Start of RAW DATA

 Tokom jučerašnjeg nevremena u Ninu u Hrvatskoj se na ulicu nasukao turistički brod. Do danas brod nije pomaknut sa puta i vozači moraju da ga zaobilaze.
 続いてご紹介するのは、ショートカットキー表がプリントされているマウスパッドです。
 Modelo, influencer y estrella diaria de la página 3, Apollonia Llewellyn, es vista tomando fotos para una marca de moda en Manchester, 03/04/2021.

End of RAW DATA
Start of RAW DATA

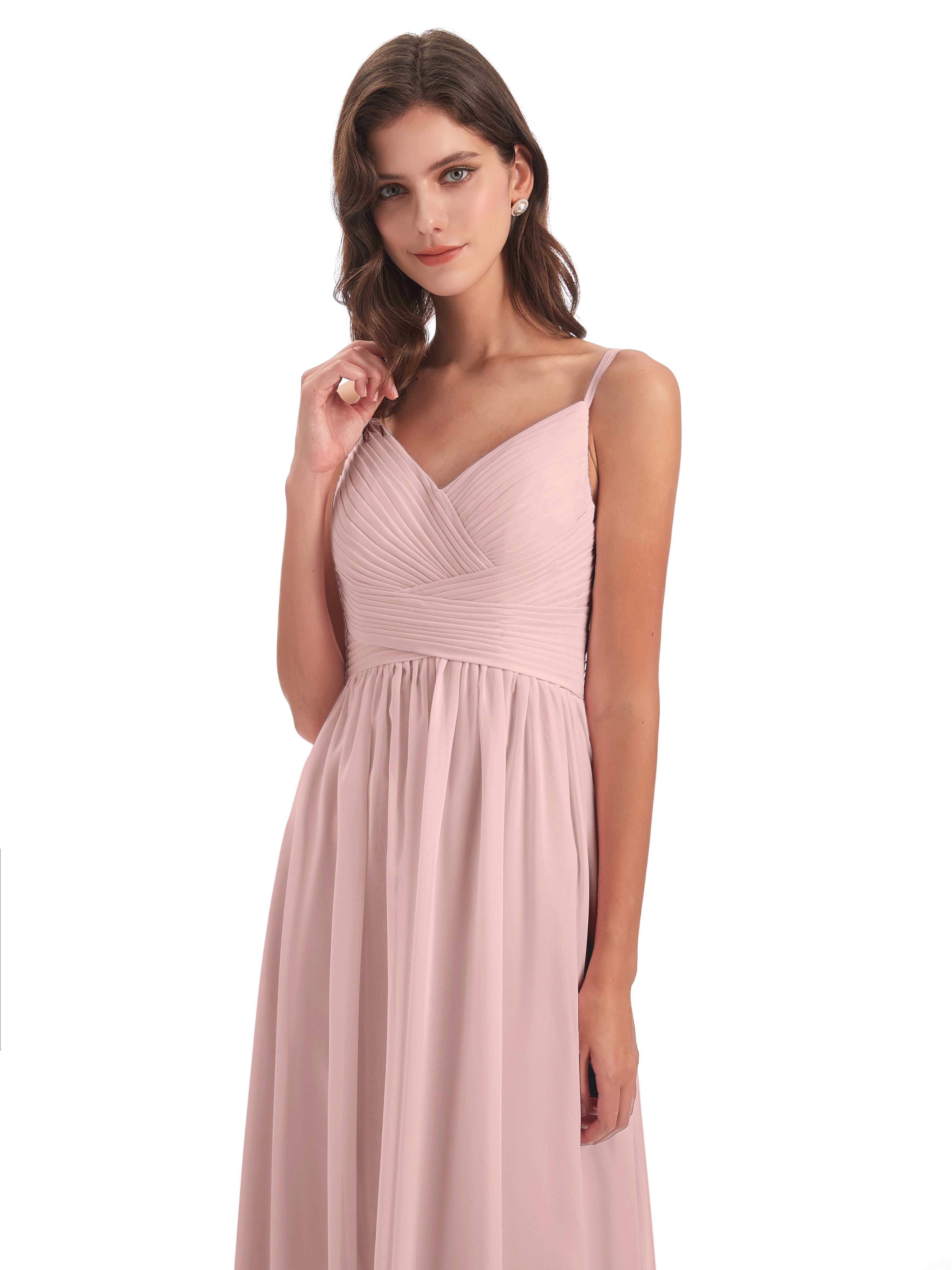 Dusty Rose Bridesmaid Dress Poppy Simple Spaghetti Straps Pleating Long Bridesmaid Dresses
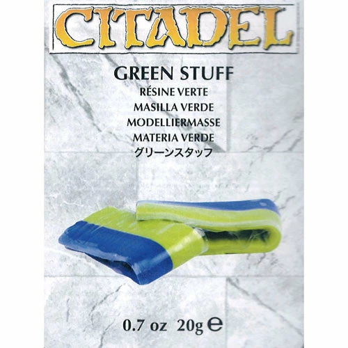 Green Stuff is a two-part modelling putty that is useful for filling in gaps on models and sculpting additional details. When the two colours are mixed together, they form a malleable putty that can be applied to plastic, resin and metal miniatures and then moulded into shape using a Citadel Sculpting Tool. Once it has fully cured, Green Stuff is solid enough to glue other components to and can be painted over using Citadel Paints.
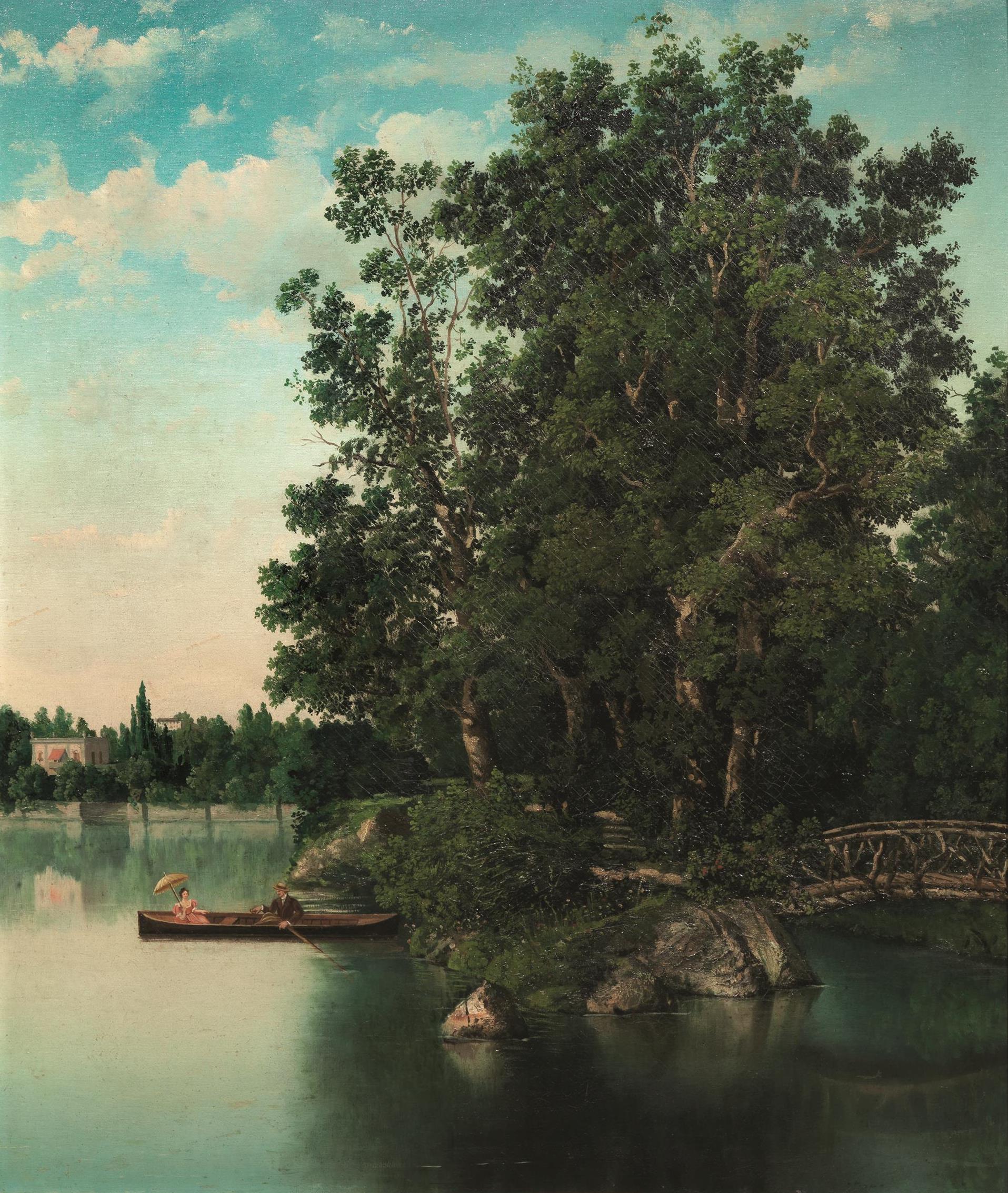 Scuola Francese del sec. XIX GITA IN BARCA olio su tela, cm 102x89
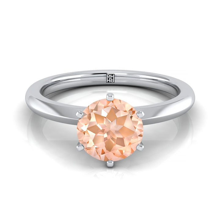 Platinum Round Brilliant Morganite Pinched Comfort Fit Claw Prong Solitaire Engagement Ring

End of RAW DATA

Precisely the lines between those holding "Tokom jučerašnjeg nevremena" and "Modelo, influencer y", inclusive, are to be reproduced from the listing above, with nothing added.

(RESULT OF THIS TASK):
 Tokom jučerašnjeg nevremena u Ninu u Hrvatskoj se na ulicu nasukao turistički brod. Do danas brod nije pomaknut sa puta i vozači moraju da ga zaobilaze.
 続いてご紹介するのは、ショートカットキー表がプリントされているマウスパッドです。
 Modelo, influencer y estrella diaria de la página 3, Apollonia Llewellyn, es vista tomando fotos para una marca de moda en Manchester, 03/04/2021.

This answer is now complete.